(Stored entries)
□ □ □ □ □ □ □

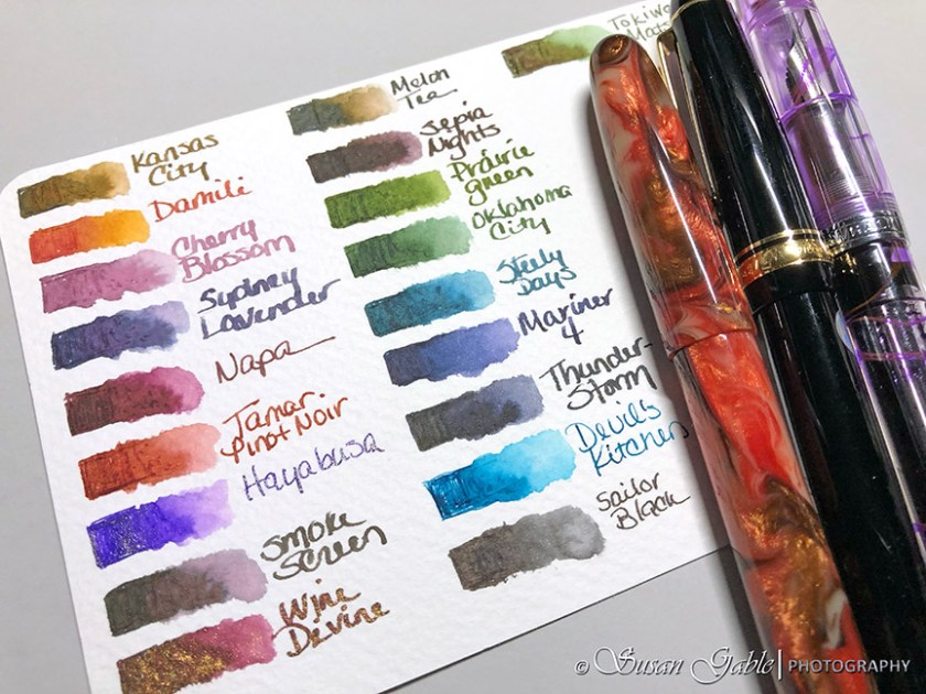 I used a 4″x6″ watercolor paper post card to create my swatch card. So far, this includes 19 inky colors I am currently using for this month. These inky colors reside in my TWSBIs, Pilot, Opus 88, Nahvalur, and Indy pens. That includes about a dozen TWSBI GOs.
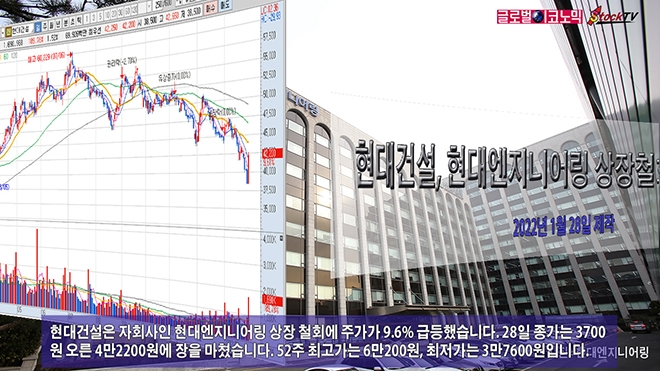 현대건설은 자회사인 현대엔지니어링 상장 철회에 주가가 9.6% 급등했습니다. 28일 종가는 3700원 오른 4만2200원에 장을 마쳤습니다. 52주 최고가는 6만200원, 최저가는 3만7600원입니다.
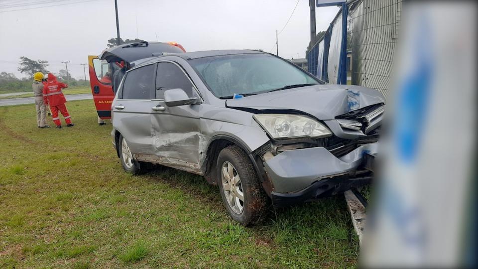 Quando chegaram no trevo de São João D'Oeste, um Chevrolet Corsa acessou a rodovia, jogando a SUV para a pista contrária.
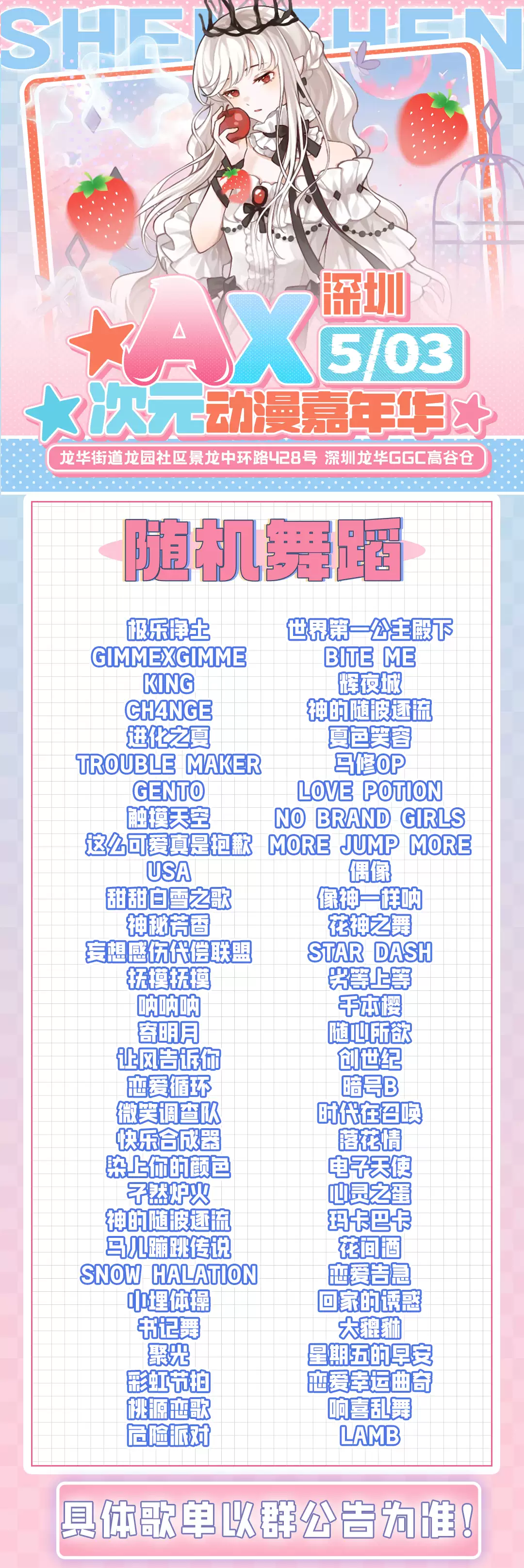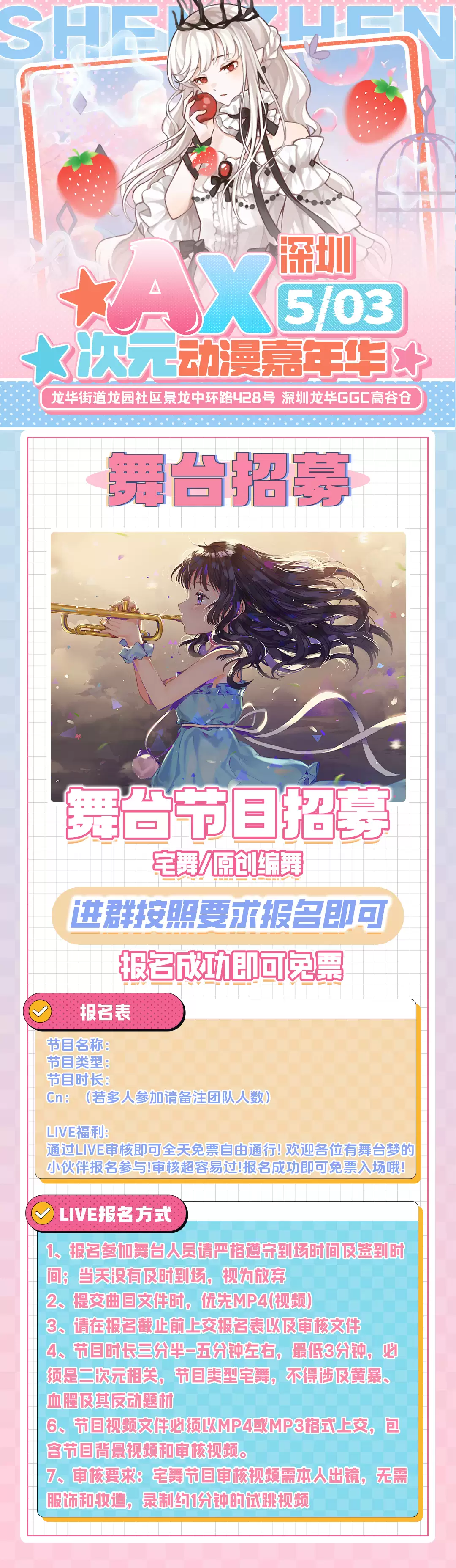2026深圳ax次元动漫嘉年华将于2026年5月3日在深圳龙华GGC高谷仓上演,下面小编为大家详细介绍一下具体的深圳ax次元动漫嘉年华门票价格、时间、地点及演出详情。
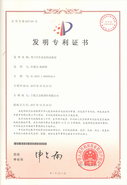 用于汽車水泵的動密封發明專利證書
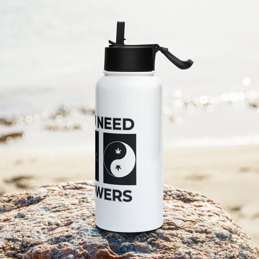 "All You Need Are Flowers" Stainless Steel Water Bottle With Straw Lid
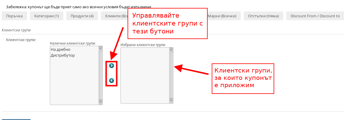 В раздел “Клиентски групи” можете да настроите купонът да е приложим само за избрани от Вас клиентски групи.
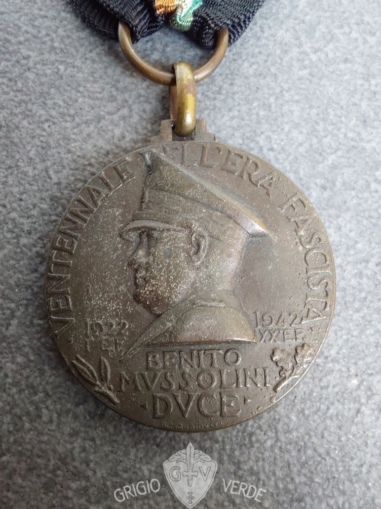 Medaglia, portativa con appiccagnolo a staffa ed anello, emessa per propaganda il ventennale dell’era fascista. Al dritto busto a s. con uniforme e cappello di Benito Mussolini intorno scritta VENTENNALE DELL’ERA FASCISTA ai lati 1922 I E.F. 1942 XX E.F. sotto BENITO MVSSOLINI DVCE, tra rametto di alloro e quercia, in basso P. MORBIDVCCI. Al rovescio angelo con spada spezza falce e martello, a d. fascio verticale con lama a d., OGGI NON CI SAREBBE LA MARCIA SV MOSCA SE VENTI ANNI PRIMA NON CI FOSSE STATA LA MARCIA SV ROMA M. a s. presso il bordo LORIOLI. Realizzata in Zama bronzata, Variante non comune.
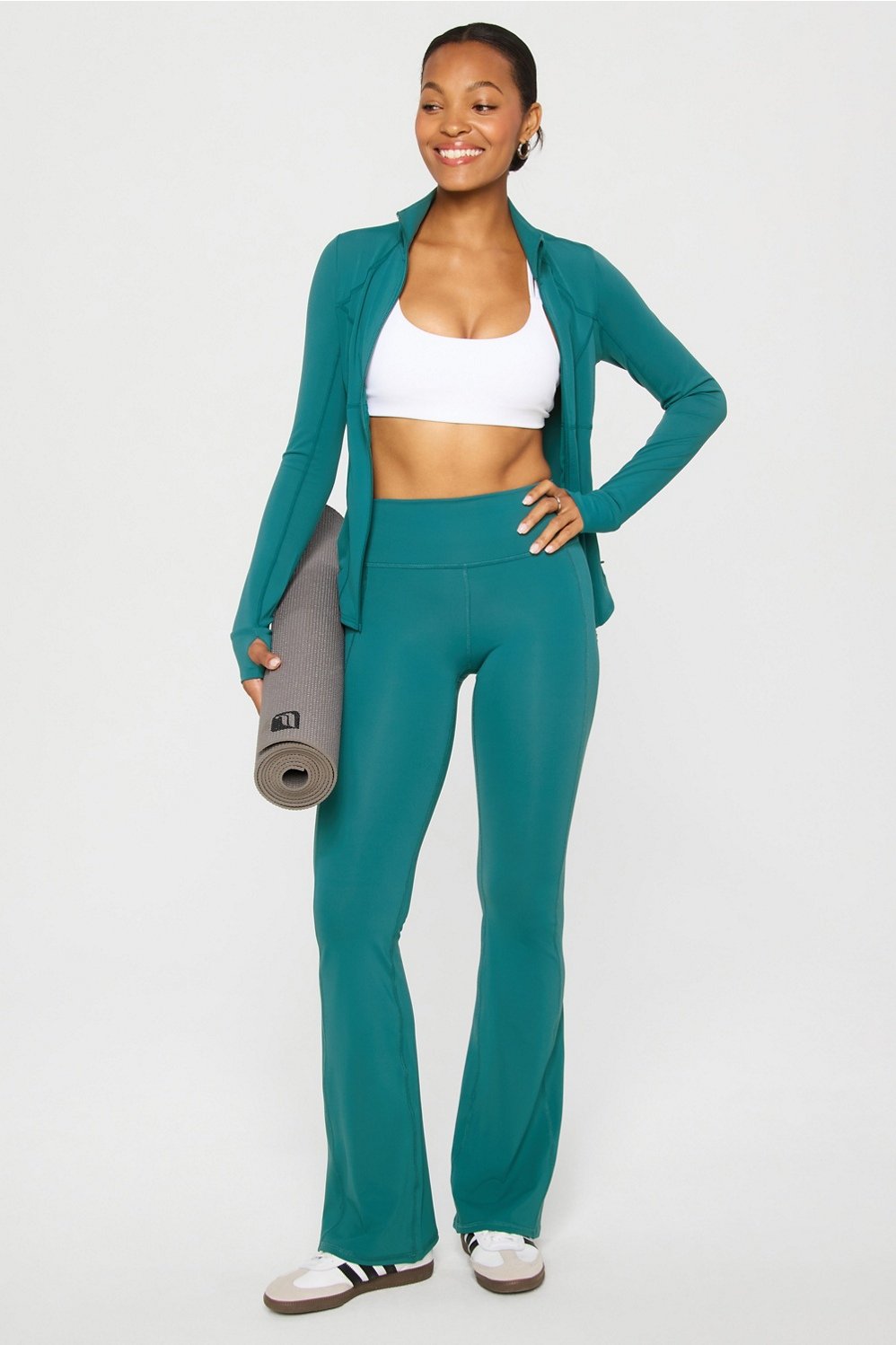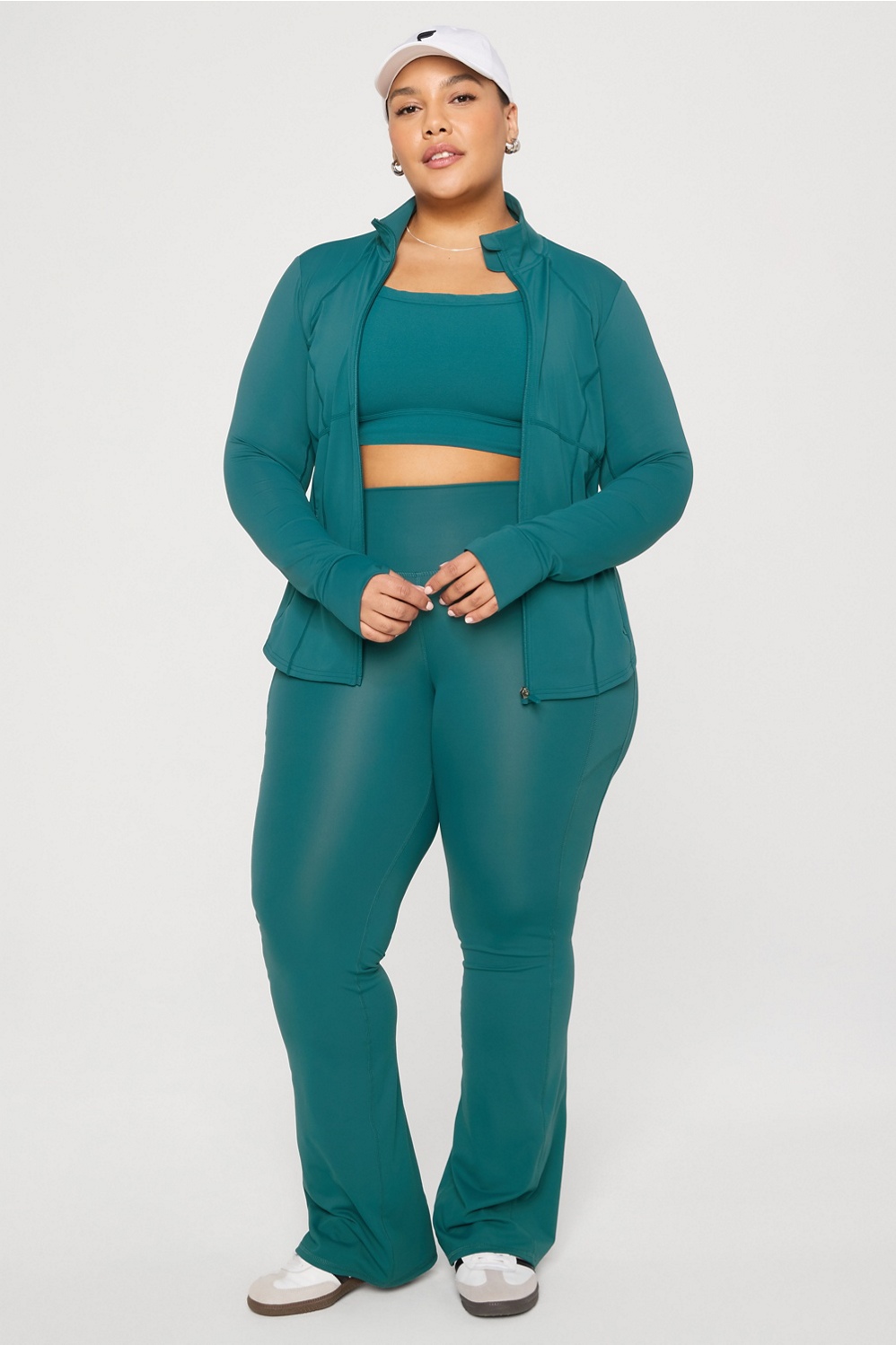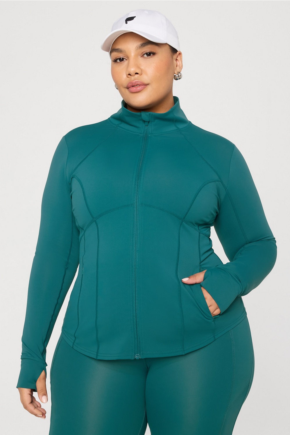 Your perfect training layer. Designed with sweat-wicking tech and 4-way stretch, this jacket is essential for outdoor workouts. You’ll love the flattering fit and convenient thumbholes — plus side and interior pockets for added storage.

□ □ □ □ □ □ □

**Problem to work on**.
Would you please retype all the data exactly? Leave out whatever pictures it holds.

**Result of the task**.
 I used a 4″x6″ watercolor paper post card to create my swatch card. So far, this includes 19 inky colors I am currently using for this month. These inky colors reside in my TWSBIs, Pilot, Opus 88, Nahvalur, and Indy pens. That includes about a dozen TWSBI GOs.
 현대건설은 자회사인 현대엔지니어링 상장 철회에 주가가 9.6% 급등했습니다. 28일 종가는 3700원 오른 4만2200원에 장을 마쳤습니다. 52주 최고가는 6만200원, 최저가는 3만7600원입니다.
 Quando chegaram no trevo de São João D'Oeste, um Chevrolet Corsa acessou a rodovia, jogando a SUV para a pista contrária.
2026深圳ax次元动漫嘉年华将于2026年5月3日在深圳龙华GGC高谷仓上演,下面小编为大家详细介绍一下具体的深圳ax次元动漫嘉年华门票价格、时间、地点及演出详情。
 用于汽車水泵的動密封發明專利證書
 "All You Need Are Flowers" Stainless Steel Water Bottle With Straw Lid
 В раздел “Клиентски групи” можете да настроите купонът да е приложим само за избрани от Вас клиентски групи.
 Medaglia, portativa con appiccagnolo a staffa ed anello, emessa per propaganda il ventennale dell’era fascista. Al dritto busto a s. con uniforme e cappello di Benito Mussolini intorno scritta VENTENNALE DELL’ERA FASCISTA ai lati 1922 I E.F. 1942 XX E.F. sotto BENITO MVSSOLINI DVCE, tra rametto di alloro e quercia, in basso P. MORBIDVCCI. Al rovescio angelo con spada spezza falce e martello, a d. fascio verticale con lama a d., OGGI NON CI SAREBBE LA MARCIA SV MOSCA SE VENTI ANNI PRIMA NON CI FOSSE STATA LA MARCIA SV ROMA M. a s. presso il bordo LORIOLI. Realizzata in Zama bronzata, Variante non comune.
 Your perfect training layer. Designed with sweat-wicking tech and 4-way stretch, this jacket is essential for outdoor workouts. You’ll love the flattering fit and convenient thumbholes — plus side and interior pockets for added storage.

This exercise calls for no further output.